Slow worm
Anguis fragilis
The slow worm is a legless lizard belonging to the family Anguidae, often mistaken for a snake. It features smooth, shiny scales and has the ability to shed its tail to escape predators. Its body is typically grey, brown, or copper-colored, with females often displaying dark flanks and a vertebral stripe.
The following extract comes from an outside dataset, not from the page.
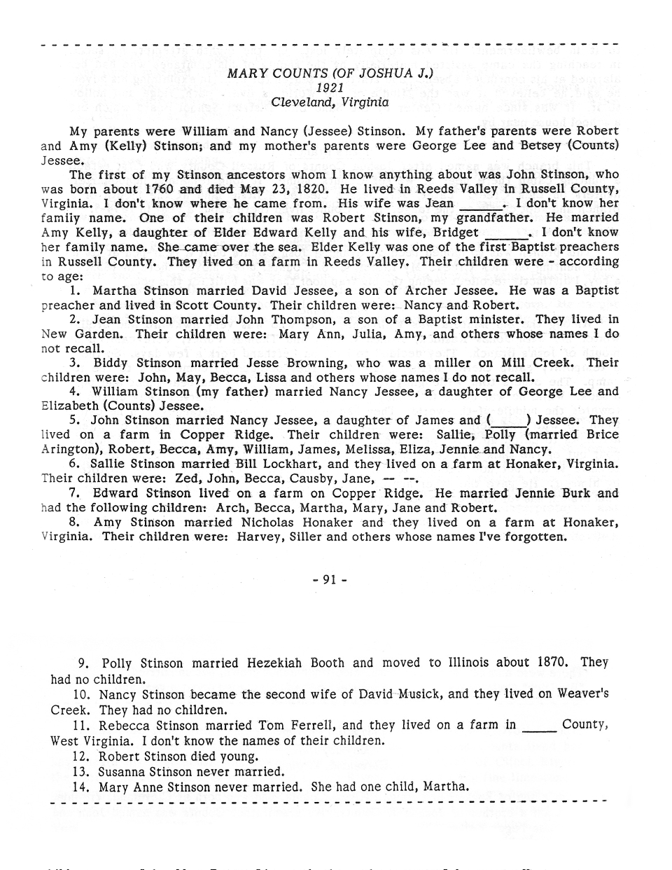 These excerpts were taken from the book, Pioneer Recollections of Southwest Virginia, pg 91-92. It refers to the Counts, Stinsons, and Kellys who lived in Reeds Valley, VA.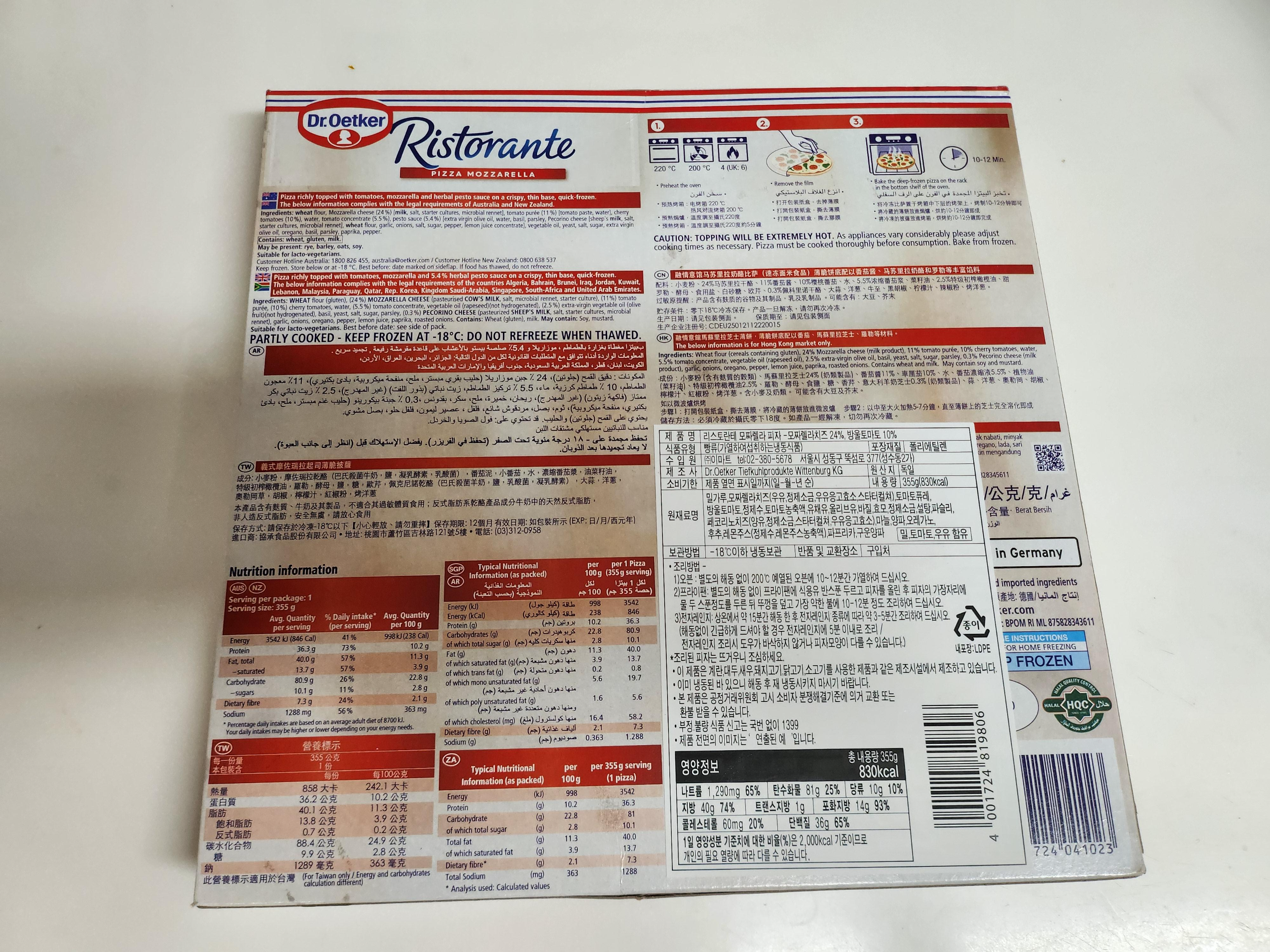 쓱닷컴에서 닥터오트커 리스토란테 마짜렐라 피자를 구매했습니다.

It prefers semi-open habitats such as forest edges, gardens, and meadows with ample hiding spots.

Details
Identification
Legless body, smooth scales, movable eyelids (unlike snakes), autotomous tail.
Social behavior
Solitary, but often uses communal hibernation sites with several individuals.
Diet
Feeds mainly on slugs, earthworms, hairless caterpillars, and spiders.
Hunting strategy
Slow searching and grabbing prey with small, backward-curved teeth.
Overwintering
Hibernation in frost-free burrows, under tree stumps, or in compost heaps.
Ecology
Ecological role
Important predator of small invertebrates; specifically regulates slug populations.
Natural predators
Birds of prey, martens, hedgehogs, snakes (e.g., smooth snake), and domestic cats.
Competitor species
Other insectivorous reptiles and amphibians such as the sand lizard.
Ecosystem service
Natural pest control in gardens and agriculture by consuming slugs.
Threats
Habitat loss, intensive agriculture, use of pesticides (slug pellets), and domestic cats.
Scientific profile
Profile
Distinguishing features
Legless lizard (not a snake); possesses movable, closable eyelids; visible ear openings (often small); the tail can be shed at predetermined breaking points when threatened (autotomy); the tongue is notched but not deeply forked like in snakes.
Habitat
Euryoecious species; prefers structurally diverse habitats with moderate humidity such as forest edges, open woodlands, bogs, heathlands, fallow land, railway embankments, and semi-natural gardens or parks with dense herbaceous layers and hiding spots.
Diet
Specialized predator of slow-moving invertebrates, primarily slugs and earthworms; also hairless caterpillars, woodlice, and spiders.
Role in food web
Important regulator of slug populations; serves as a prey base for numerous predators of higher trophic levels.
Protection & threats
Main threats
Intensification of agriculture and forestry, habitat loss due to land consolidation, use of pesticides (especially molluscicides), predation by free-ranging domestic cats, and road mortality.
Population trend
Still widespread and common in Germany, but regionally declining due to habitat fragmentation; listed on the near-threatened/preliminary warning list of the Red List.
Conservation measures
Preservation and networking of ecotones; creation of log and stone piles; avoidance of molluscicides in gardens; promotion of extensive meadow management.